▶ What the task requires
Report each line of the records where "small" occurs.

[Records contained in a dataset]
================
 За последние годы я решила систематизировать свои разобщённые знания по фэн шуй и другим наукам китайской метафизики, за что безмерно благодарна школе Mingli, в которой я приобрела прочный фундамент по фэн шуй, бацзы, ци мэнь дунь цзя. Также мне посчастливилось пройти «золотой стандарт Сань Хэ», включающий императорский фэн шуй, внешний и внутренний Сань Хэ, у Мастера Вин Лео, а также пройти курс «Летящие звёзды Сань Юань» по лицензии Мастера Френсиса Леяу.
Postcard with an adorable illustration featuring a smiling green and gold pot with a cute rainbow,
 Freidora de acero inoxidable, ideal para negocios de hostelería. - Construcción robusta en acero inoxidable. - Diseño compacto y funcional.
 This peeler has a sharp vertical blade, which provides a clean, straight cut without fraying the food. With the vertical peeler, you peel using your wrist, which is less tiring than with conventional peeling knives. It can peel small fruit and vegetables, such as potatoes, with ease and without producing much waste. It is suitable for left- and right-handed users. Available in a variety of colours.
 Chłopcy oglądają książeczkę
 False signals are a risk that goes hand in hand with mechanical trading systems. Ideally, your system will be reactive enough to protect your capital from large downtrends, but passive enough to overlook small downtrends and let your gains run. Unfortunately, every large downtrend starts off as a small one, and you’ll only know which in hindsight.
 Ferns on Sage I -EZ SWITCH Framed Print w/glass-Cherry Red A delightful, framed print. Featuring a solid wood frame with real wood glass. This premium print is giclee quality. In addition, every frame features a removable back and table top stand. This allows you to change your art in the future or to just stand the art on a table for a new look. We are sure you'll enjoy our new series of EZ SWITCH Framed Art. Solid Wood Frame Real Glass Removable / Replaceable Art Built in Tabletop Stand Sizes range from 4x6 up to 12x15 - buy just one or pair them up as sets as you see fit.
================
▶ Problem solution
 This peeler has a sharp vertical blade, which provides a clean, straight cut without fraying the food. With the vertical peeler, you peel using your wrist, which is less tiring than with conventional peeling knives. It can peel small fruit and vegetables, such as potatoes, with ease and without producing much waste. It is suitable for left- and right-handed users. Available in a variety of colours.
 False signals are a risk that goes hand in hand with mechanical trading systems. Ideally, your system will be reactive enough to protect your capital from large downtrends, but passive enough to overlook small downtrends and let your gains run. Unfortunately, every large downtrend starts off as a small one, and you’ll only know which in hindsight.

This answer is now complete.